1. `cellbender/*`: Cellbender results
File names are in the following format:
	`{library}-{genome}.cellbender_cell_barcodes.csv` <br>
	`{library}-{genome}.cellbender_FPR_*_filtered.h5` <br>
	`{library}-{genome}.cellbender_FPR_*.h5` <br>
	`{library}-{genome}.cellbender_FPR_*_metrics.csv` <br>
	`{library}-{genome}.cellbender_FPR_*_report.html` <br>
	`{library}-{genome}.cellbender.log` <br>
	`{library}-{genome}.log` <br>
	`{library}-{genome}.cellbender.pdf` <br>
	`{library}-{genome}.cellbender_posterior.h5` <br>
The detailed description about each file can be found in this link: https://cellbender.readthedocs.io/en/latest/usage/index.html

2. `multiqc/fastq/*`: multiqc summaries of fastqc results
`multiqc/fastq/multiqc_data`: data reported using MultiQC <br>
`multiqc/fastq/multiqc_report.html`: html report using MultiQC <br>

Reports from this step are information rich. We not only manually inspected all of these reports, but also attempted at quatifying the quality of per tile quality reported by FastQC in `2_fastQC_inspection.R.ipynb`.

3. `multiqc/star/*`: multiqc summaries of STAR logs
Structure is similar to `multiqc/fastq/*`

4. `prune/*`: filtered bam files (duplicates NOT removed)
Files are named `{library}-{genome}.before-dedup.bam`; `*bai`: index files

5. `qc/*`: Per-barcode QC metrics and QC metric plots
`{library}-{genome}.metrics.png`: metric plot <br>
`{library}-{genome}.qc.txt`: text file with all metrics <br>
`{library}-{genome}.suggested-thresholds.tsv`: suggested thresholds using Multi-Otsu. Using the thresholds suggested here is optional, but is a good starting point to choose high quality cells.

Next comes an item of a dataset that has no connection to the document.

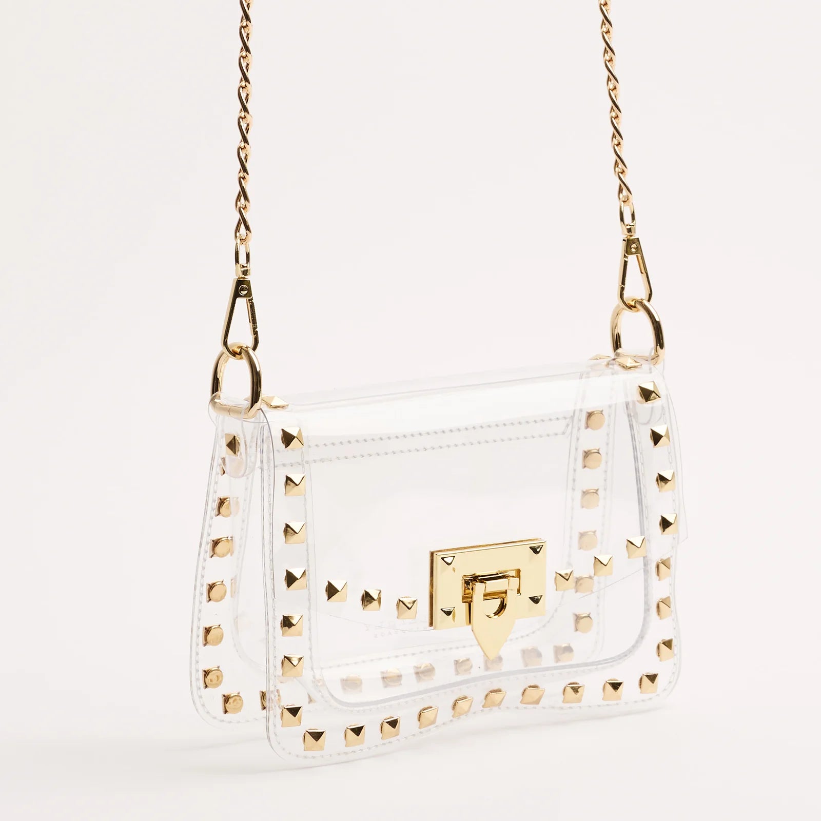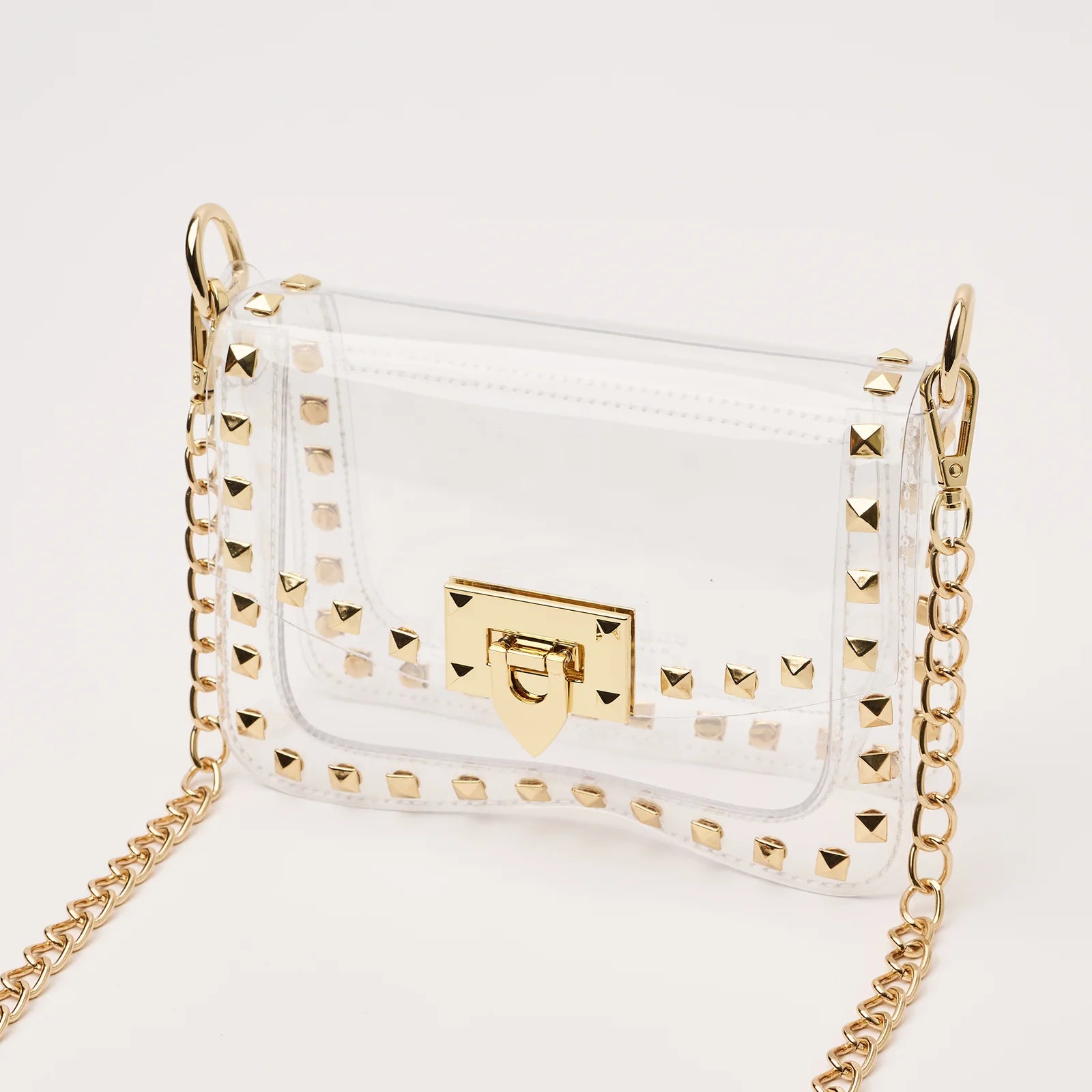 Score with the biggest winner in our clear handbag playbook - The Jackie! The Jackie changed the handbag game by proving clear handbags could be both functional and chic. This style includes gold square metal studs and a gold chain. The Jackie is NCAA and NFL compliant and the ideal size to hold your wallet, phone, keys, lip gloss and a few other small items.

6. `starsolo/*`: starsolo output
`starsolo/{library}-{genome}/{library}-{genome}.Solo.out/*`: Count matrices derived using a variety of counting methods (see more detail at https://github.com/alexdobin/STAR/blob/master/docs/STARsolo.md) <br>
`{library}-{genome}.Aligned.sortedByCoord.out.bam`: BAM output sorted by coordinates from STARsolo <br>
`{library}-{genome}*.out*`: different reports obtained as STARsolo is run

7. `emptyDrops/results/*`: metrics obtained using EmptyDrops
`*knee.txt`: locations of knee point, inflection point, and end of cliff point <br>
`*pass.txt`: barcodes detected using EmptyDrops at FDR < 0.005 <br>

Under the directory `pctMTusingBelowEndCliff_pctMtless30_FDR0.005/`: <br>
`*metrics.csv`: metric per barcode file. Columns `filter*` and `pass_all_filters` indicate whether a barcode satisfies QC thresholdings <br>
`*_passQC_barcodes.csv`: list of barcodes that satisfy QC thresholdings <br>

More details on how to obtain barcodes that satisfy QC thresholdings are in `3_barcode_qc.ipynb`.